─── DATA EXCERPT ───
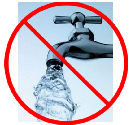
अधिक पानी का उपयोग करना
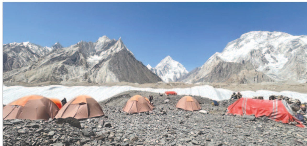
Panoráma a Concordia táborból. Középen a K2 (8611 m), jobbra a Broad Peak (8051 m)
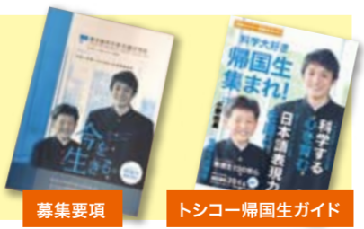
募集要項 トシコー帰国生ガイド
───
* AIM OF THE TASK *
Each line above is to be repeated exactly as written; no picture is carried over.

* OUTPUT BELOW *
अधिक पानी का उपयोग करना
Panoráma a Concordia táborból. Középen a K2 (8611 m), jobbra a Broad Peak (8051 m)
募集要項 トシコー帰国生ガイド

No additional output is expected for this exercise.